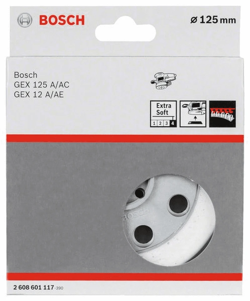 Schleifteller für Bosch-Exzenterschleifer. Ausführung: Extraweich. Durchmesser: 125 mm. Extraweiche Schleifteller (grau) für Feinschleifarbeiten und Schleifen an Radien sowie Formteilen. Höchste Oberflächengüte bei geringem Abtrag. Für Lackzwischen- und Lackendschliff bei Schreinern, Lackierern, Küchenbauern, Corian-Verarbeitern. Passend zu GEX 12 A, GEX 12 AE, GEX 125 A, GEX 125 AC Professional.
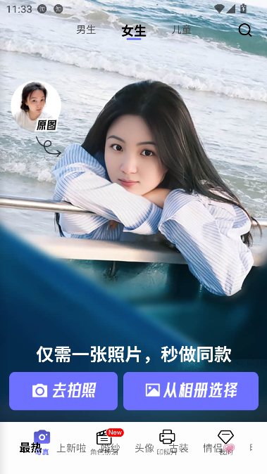 3、选定喜欢的模板后,点击“拍同款”,上传一张清晰的人像照片。AI将自动完成智能换装、妆容匹配与背景融合,几秒内生成专属大片,效果自然逼真,惊艳全场!
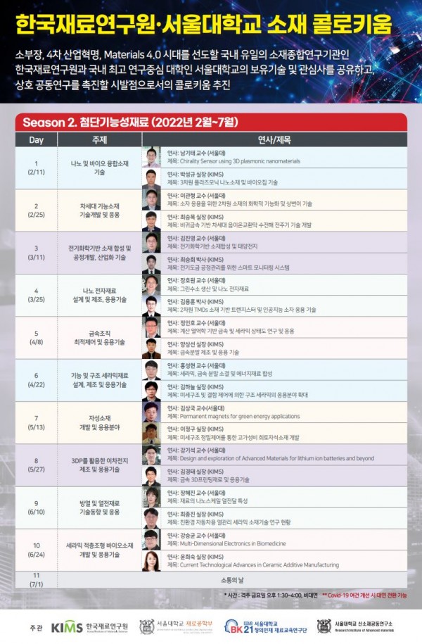 양 기관은 ‘나노 및 바이오 융합소재 기술’을 주제로, 서울대 남기태 교수와 재료연구원 박성규 실장이 2월 11일(금) 첫 번째 일정을 시작했다. 이번 ‘소재 콜로키엄’ 두 번째 시즌은 총 10회 개최 예정으로 6월 24일(금)까지 진행될 예정이다.
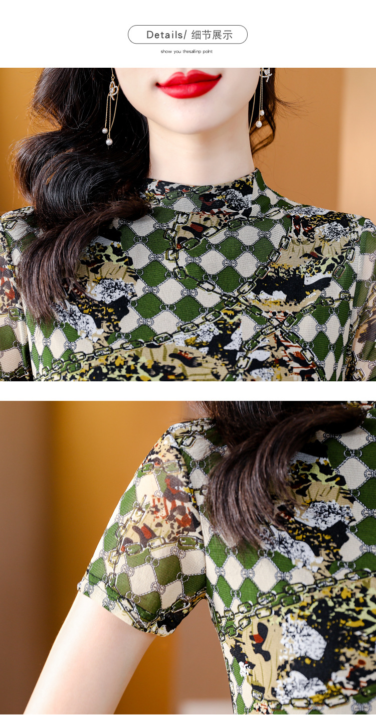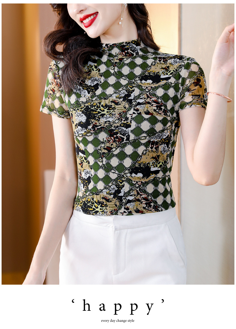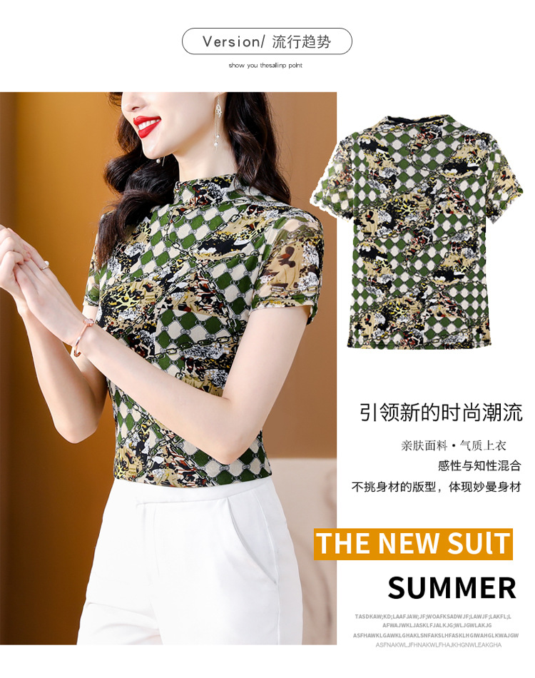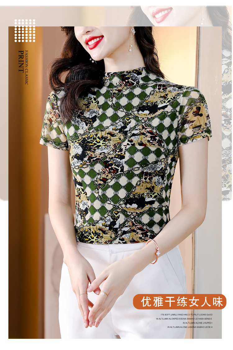 夏季新款,半高领短袖T恤女网眼弹力桑蚕丝印花打底衫上衣KQL-326H2181
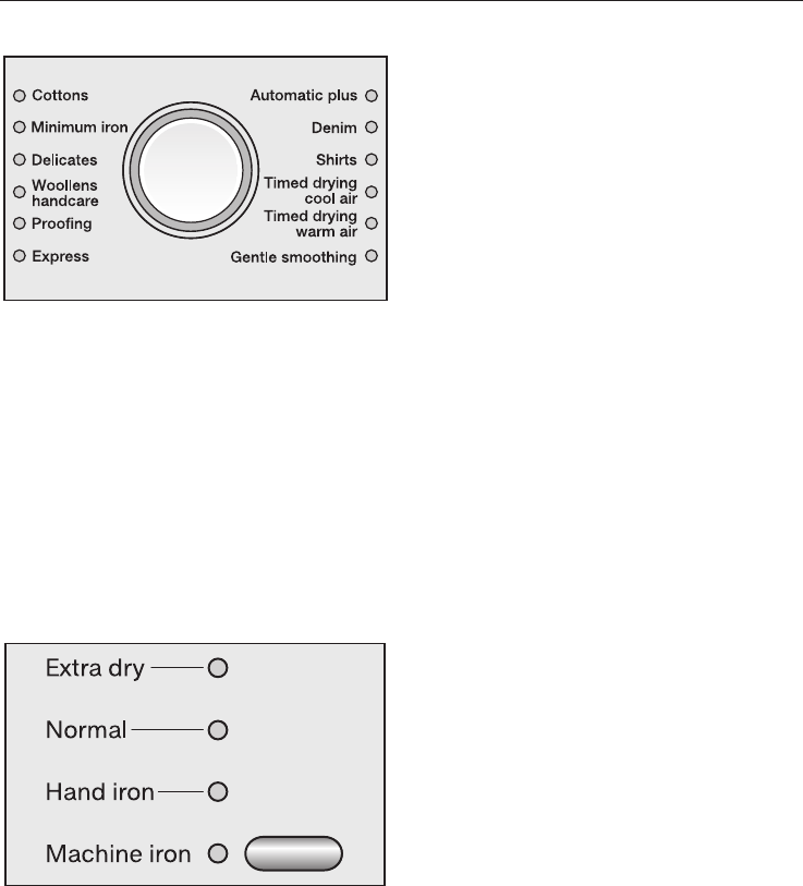 –Indicator lights Extra dry and Normal
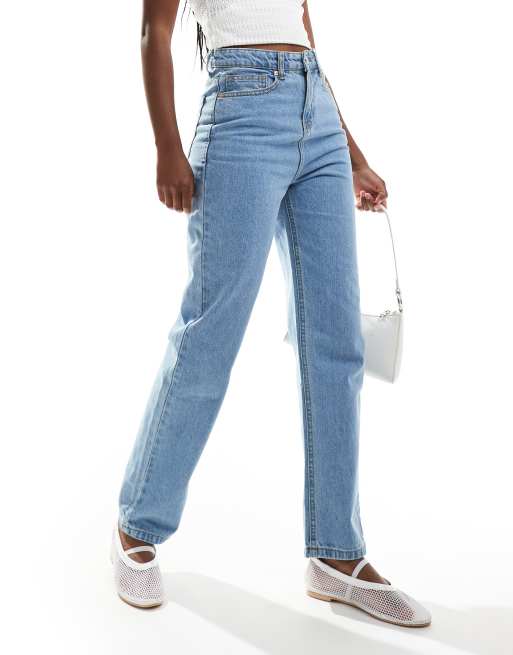 DTT Katy high waisted cropped straight jeans in light blue wash
★ ★ ★
WHAT IS BEING ASKED
The lines to copy run from the line containing "夏季新款,半高领短袖T恤女网眼弹力桑蚕丝印花打底衫上衣KQL-326H2181" through the end of the data above; copy exactly those, minus the pictures.

ANSWER TO THE EXERCISE
 夏季新款,半高领短袖T恤女网眼弹力桑蚕丝印花打底衫上衣KQL-326H2181
 –Indicator lights Extra dry and Normal
 DTT Katy high waisted cropped straight jeans in light blue wash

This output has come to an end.